**SOURCE DATA**
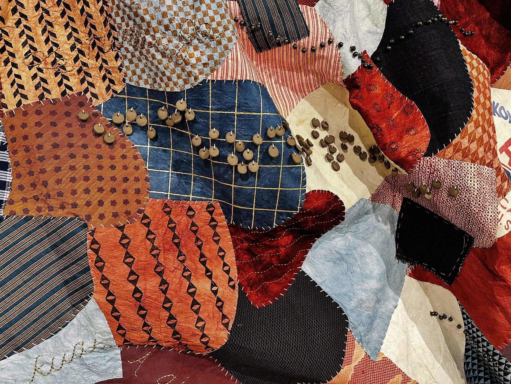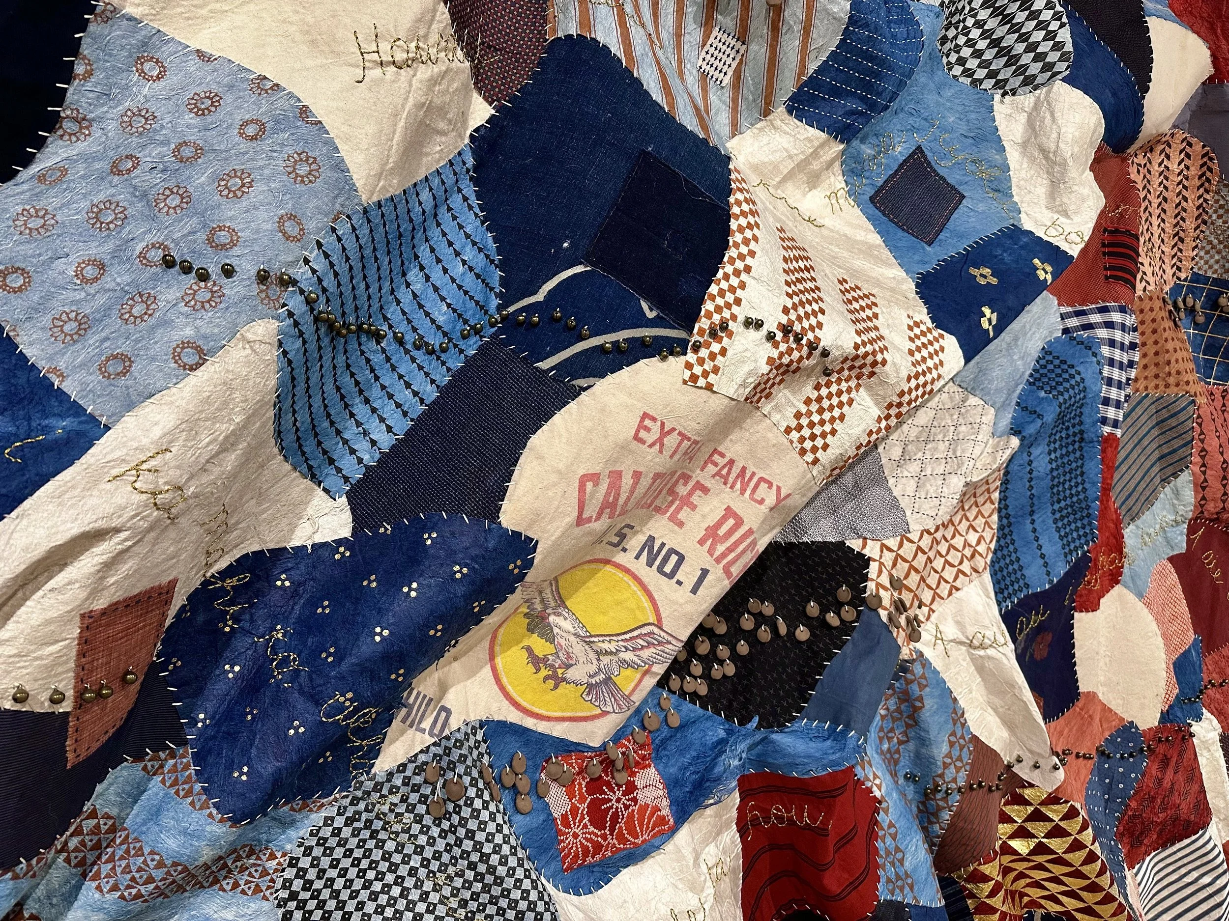 Still Finding My Way Back Home. Kapa, reclaimed Japanese fabrics, vintage rice bags, indigo and madder root dyes, ceramic beads, bells, earth pigments, hand-embroidery. Approx. 9 feet H x 17 feet W. 2025. Collection of the Crystal Bridges Museum of American Art.
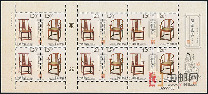 ZBP-2011-15 明清家具--坐具(整版票),三张一版,一版6套票,全品。由于票幅较大,边纸可能会有少许小软折,属正常现象。购买请仔细查看大图。
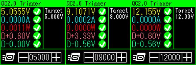 ▼USB-A的5V/9V/12V空載輸出電壓
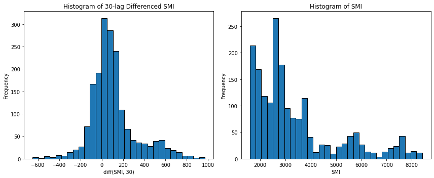 axes[0].set_title('Histogram of 30-lag Differenced SMI')
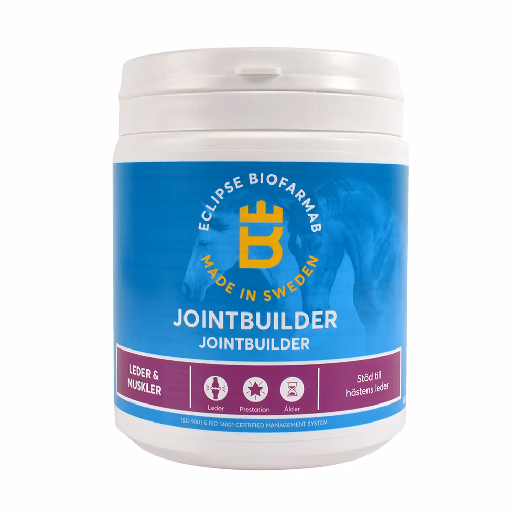 Jointbuilder innehåller högkoncentrerad glukosamin med kollagen, MSM, kondroitinsulfat, hyaluronsyra och inulin. Idealisk för presterande och äldre hästar, samt
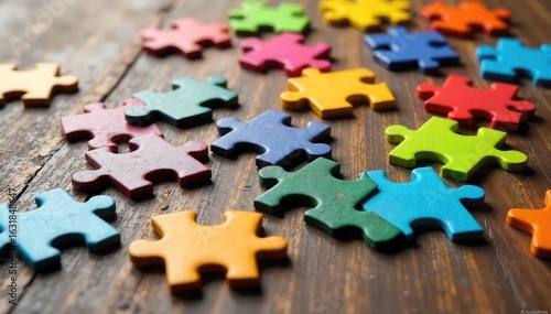 A colorful assortment of jigsaw puzzle pieces scattered on a wooden surface, some connected, others separate, suggesting the challenge and satisfaction of completing a puzzle , abstract, wood
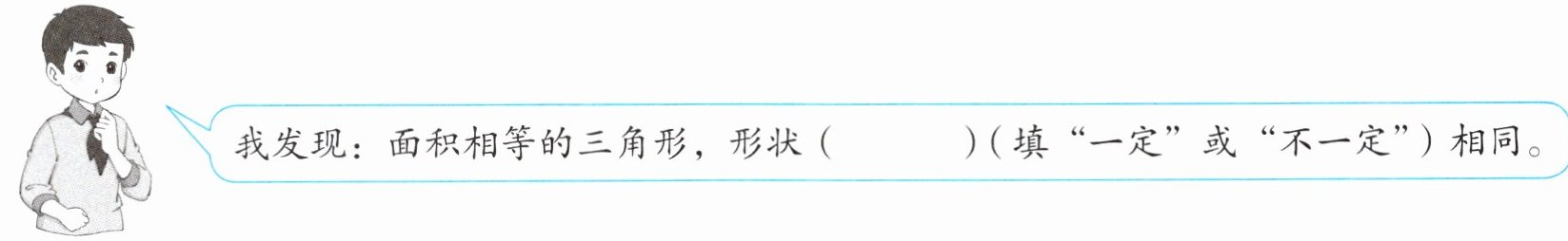 我发现:面积相等的三角形,形状( )(填“一定”或“不一定”)相同。
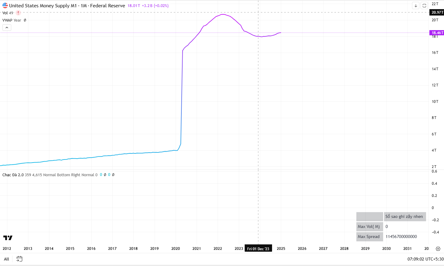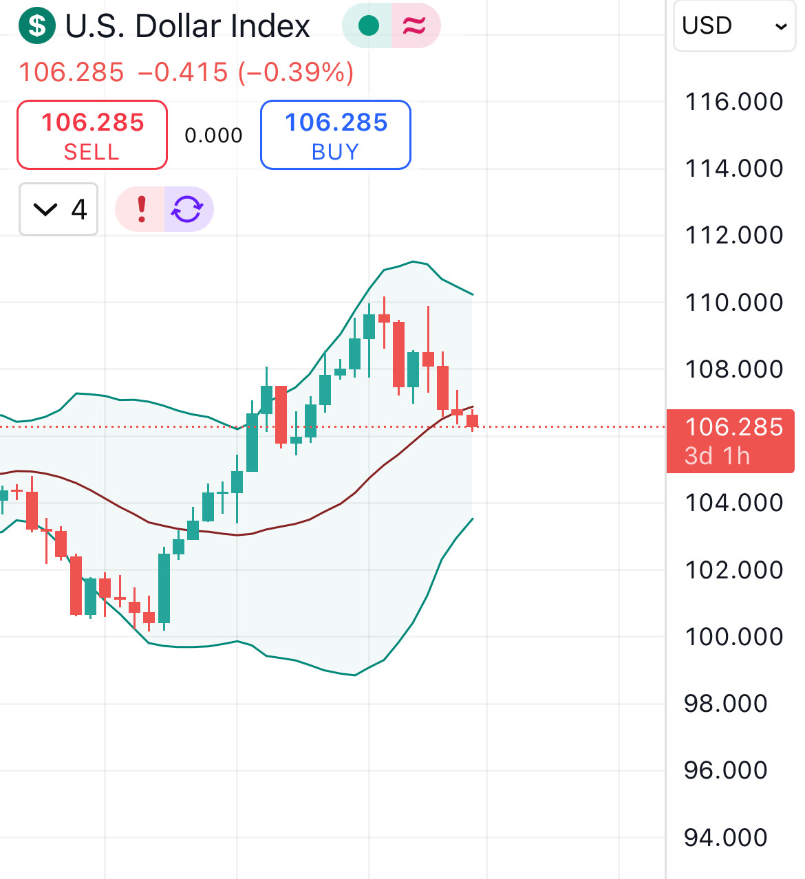 nhìn chạc thì thấy dxy tạo đỉnh. chỉ số đồng đô la suy yếu rồi, tiền đang rẻ, tiền mặt đang lưu thông ngoài thị trường khá nhiều

**EXERCISE DESCRIPTION**
Repeat the material above word for word, please, apart from its images.

**EXPECTED ANSWER**
 Still Finding My Way Back Home. Kapa, reclaimed Japanese fabrics, vintage rice bags, indigo and madder root dyes, ceramic beads, bells, earth pigments, hand-embroidery. Approx. 9 feet H x 17 feet W. 2025. Collection of the Crystal Bridges Museum of American Art.
 ZBP-2011-15 明清家具--坐具(整版票),三张一版,一版6套票,全品。由于票幅较大,边纸可能会有少许小软折,属正常现象。购买请仔细查看大图。
 ▼USB-A的5V/9V/12V空載輸出電壓
 axes[0].set_title('Histogram of 30-lag Differenced SMI')
 Jointbuilder innehåller högkoncentrerad glukosamin med kollagen, MSM, kondroitinsulfat, hyaluronsyra och inulin. Idealisk för presterande och äldre hästar, samt
 A colorful assortment of jigsaw puzzle pieces scattered on a wooden surface, some connected, others separate, suggesting the challenge and satisfaction of completing a puzzle , abstract, wood
 我发现:面积相等的三角形,形状( )(填“一定”或“不一定”)相同。
 nhìn chạc thì thấy dxy tạo đỉnh. chỉ số đồng đô la suy yếu rồi, tiền đang rẻ, tiền mặt đang lưu thông ngoài thị trường khá nhiều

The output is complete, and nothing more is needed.